» INFORMATION PROVIDED
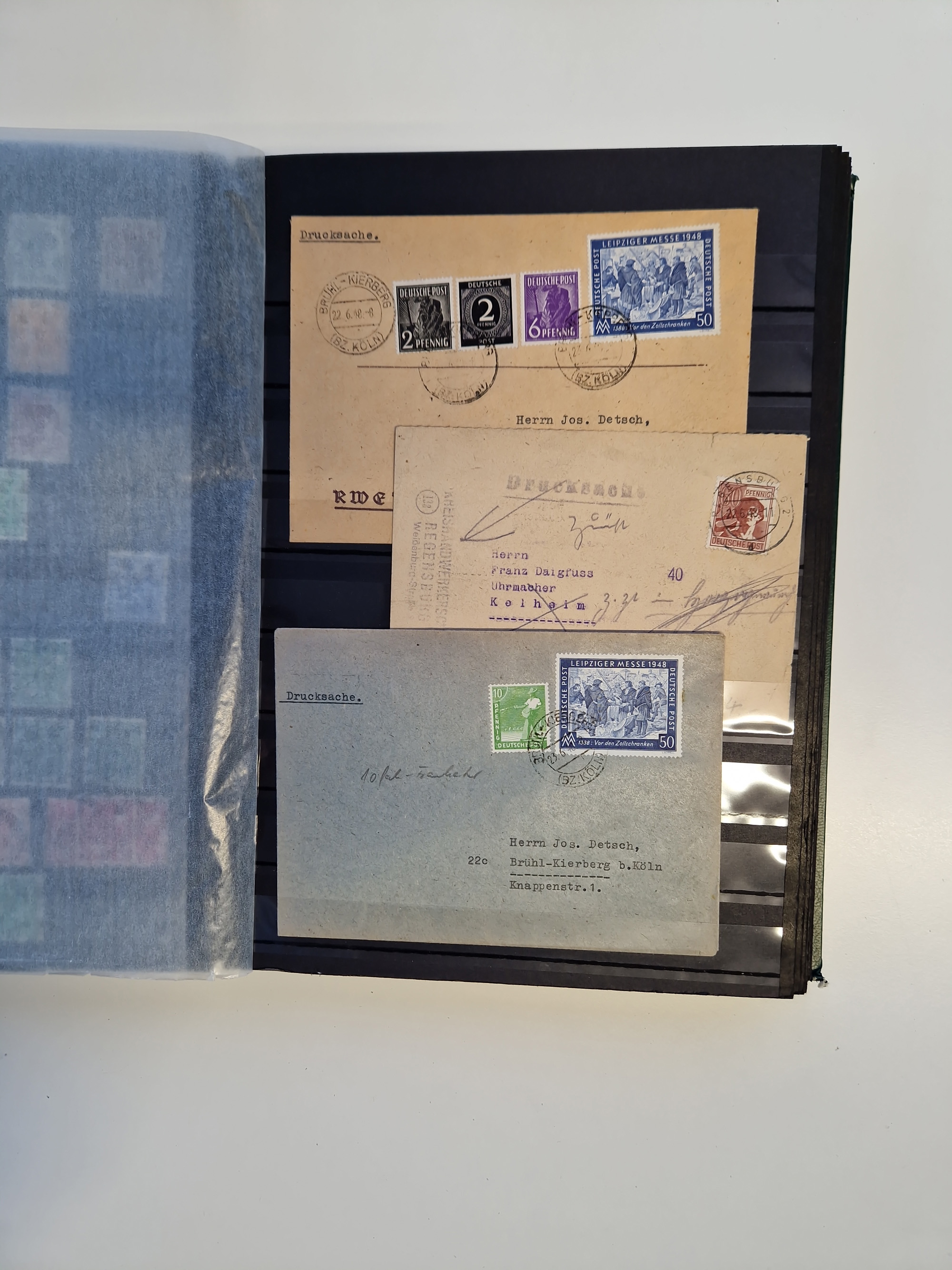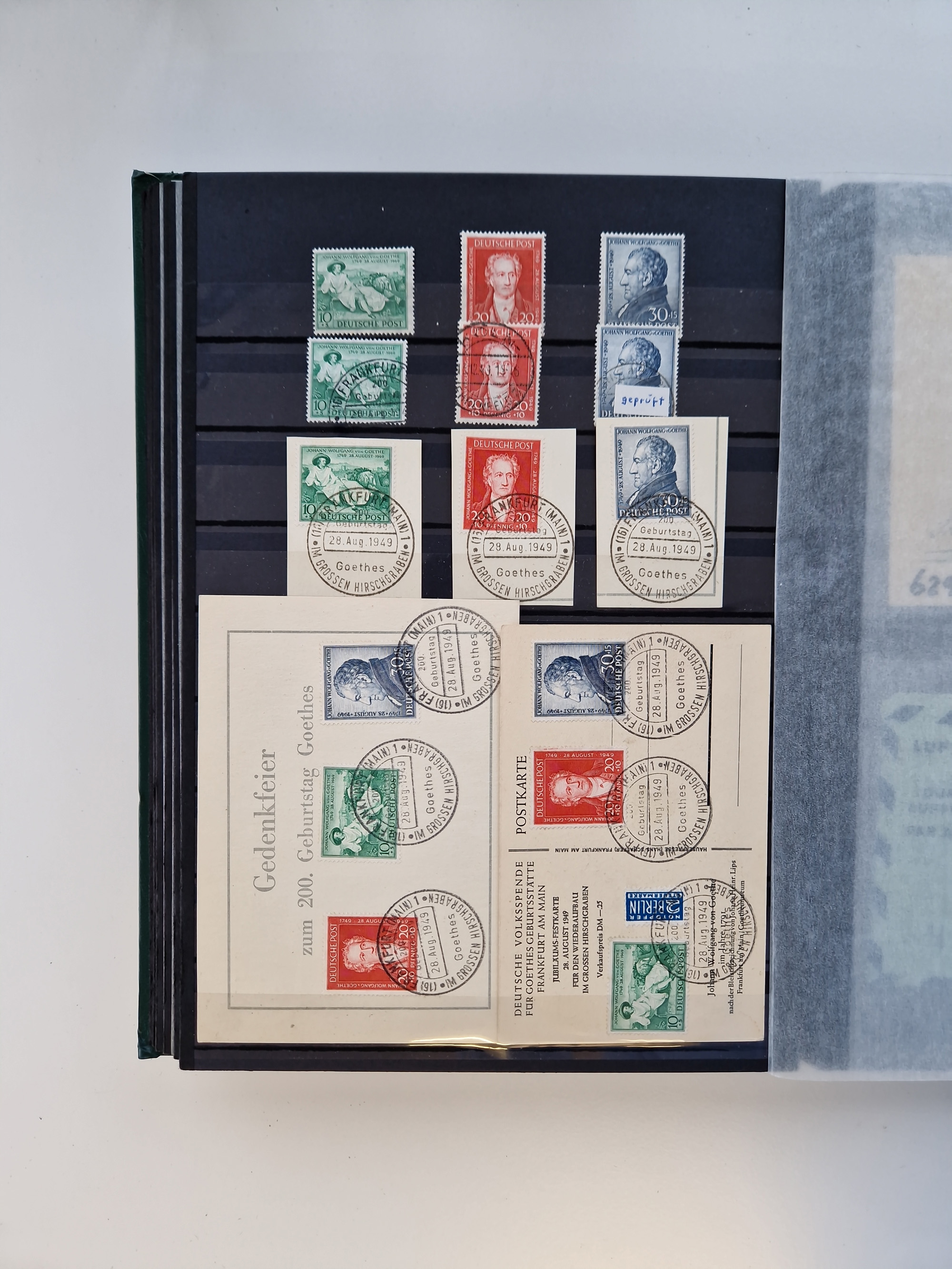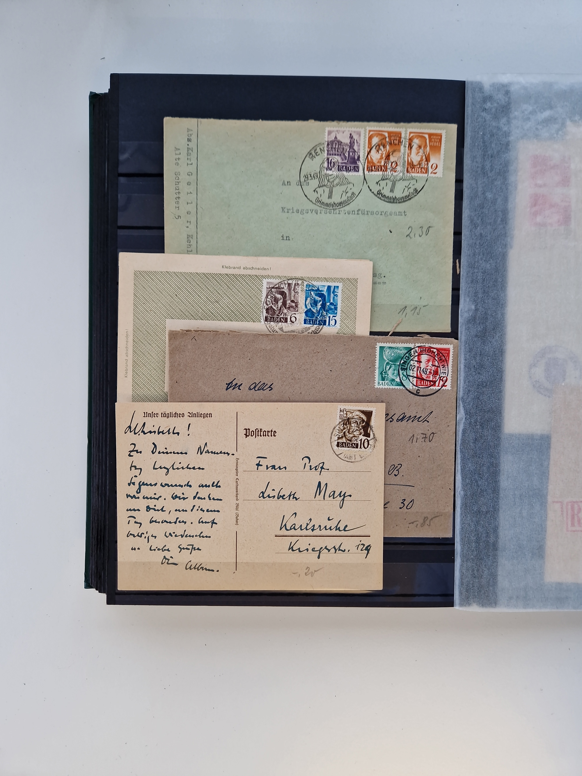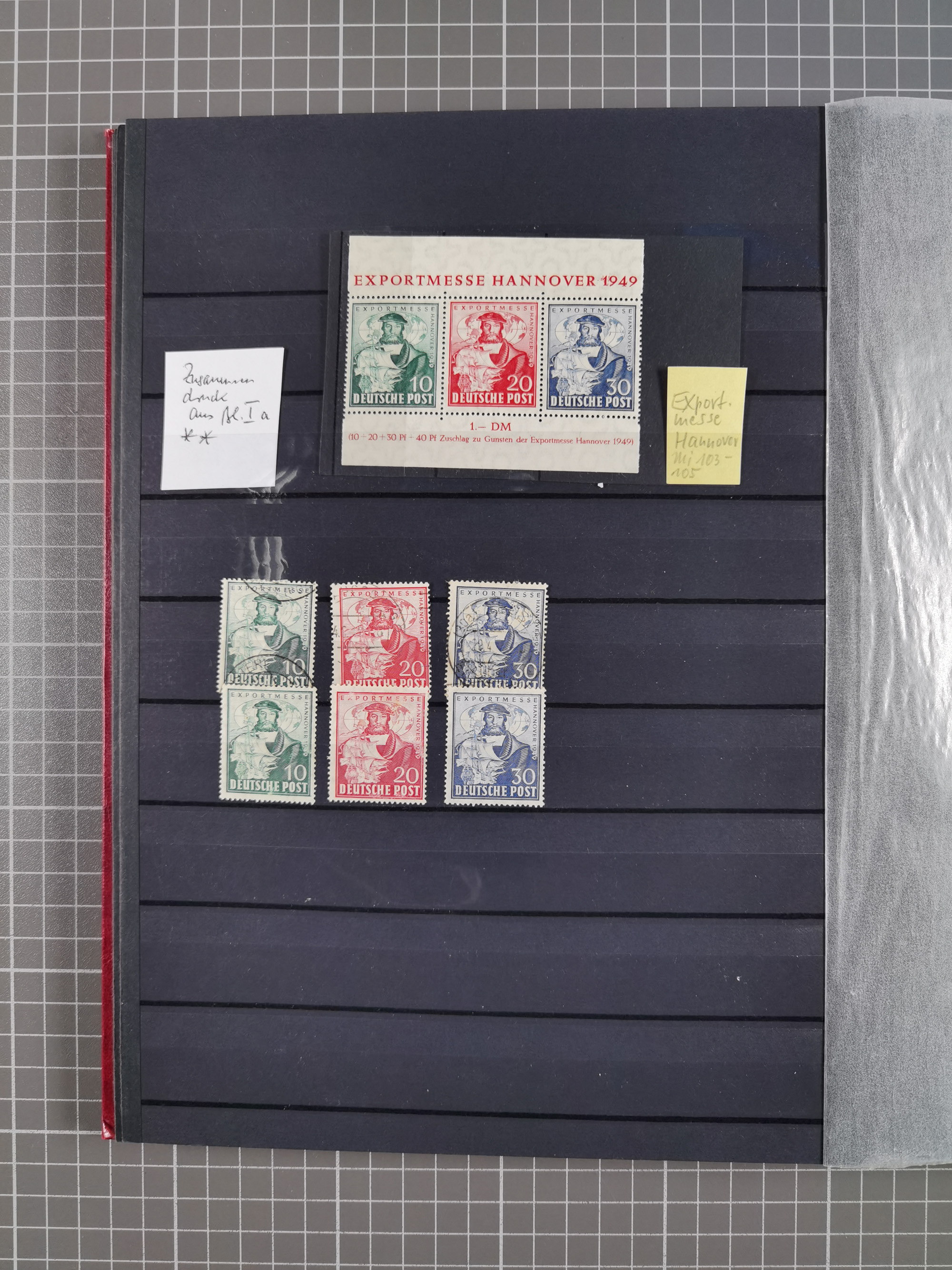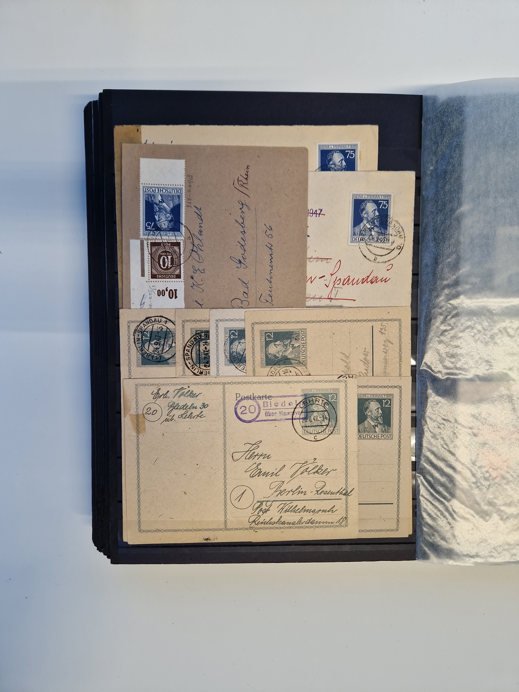 1945/50, interessanter Bestand mit fast nur besseren Sätzen, Block-Ausgaben und Briefen. Dabei u.a. SBZ Bl.1xa postfrisch (FA Ströh BPP), Bl.2t gestempelt (FA Dr. Jasch BPP) und Bl. 4ay gestempelt (FA Ströh BPP), Berlin Mi.-Nr. 1-20 gestempelt (sign. Schlegel BPP mit FA) und Bl. 1I gestempelt (FA D. Schlegel BPP), Saarland Bl.1-2 postfrisch (sign. Ney BPP), Baden Bl. 2 mit rotem SST (sign. Schlegel BPP) und Bund mit besseren Anfangsausgaben und Briefen mit u.a. Mi.-Nr. 116 Br.
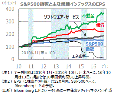 ■トムソンロイター(10月12日)によれば、S&P500の前年同期比増益率は▲0.8%の見通しです。「不動産」が同+1.3%、「金融」が同+0.9%と増益に転じる見通しです。「エネルギー」は同▲70.3%と大幅減益ですが前期よりも改善し、10-12月期には+0.6%の増益に転じる見通しです。「情報技術」は同+4.6%と4-6月期(同+1.7%)よりも伸びが高まる見通しです。
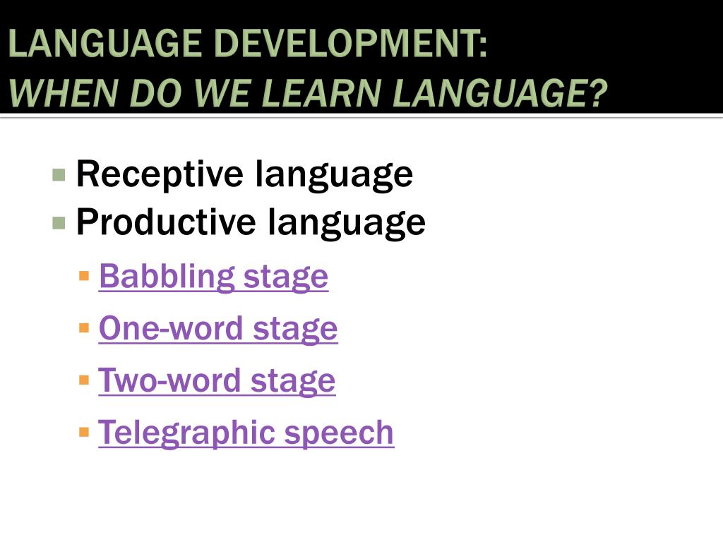 LANGUAGE DEVELOPMENT: WHEN DO WE LEARN LANGUAGE? • Receptive language • Productive language • Babbling stage • One-word stage • Two-word stage • Telegraphic speech
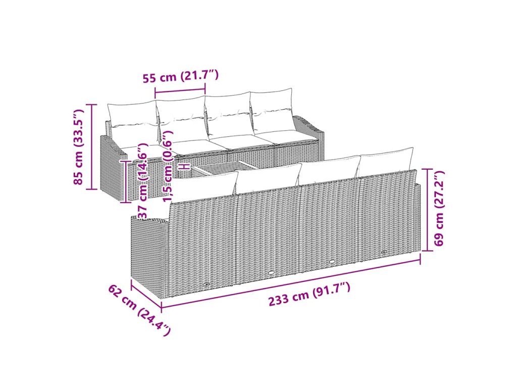 Sada zahradních pohovek s polštářem 9 pcs Béžová polyratan 3347805

» ACTIVITY
Leave the pictures aside and print exactly, and only, the lines from the one with "LANGUAGE DEVELOPMENT: WHEN" through the end of the data, both included.

» COMPLETED EXERCISE
 LANGUAGE DEVELOPMENT: WHEN DO WE LEARN LANGUAGE? • Receptive language • Productive language • Babbling stage • One-word stage • Two-word stage • Telegraphic speech
 Sada zahradních pohovek s polštářem 9 pcs Béžová polyratan 3347805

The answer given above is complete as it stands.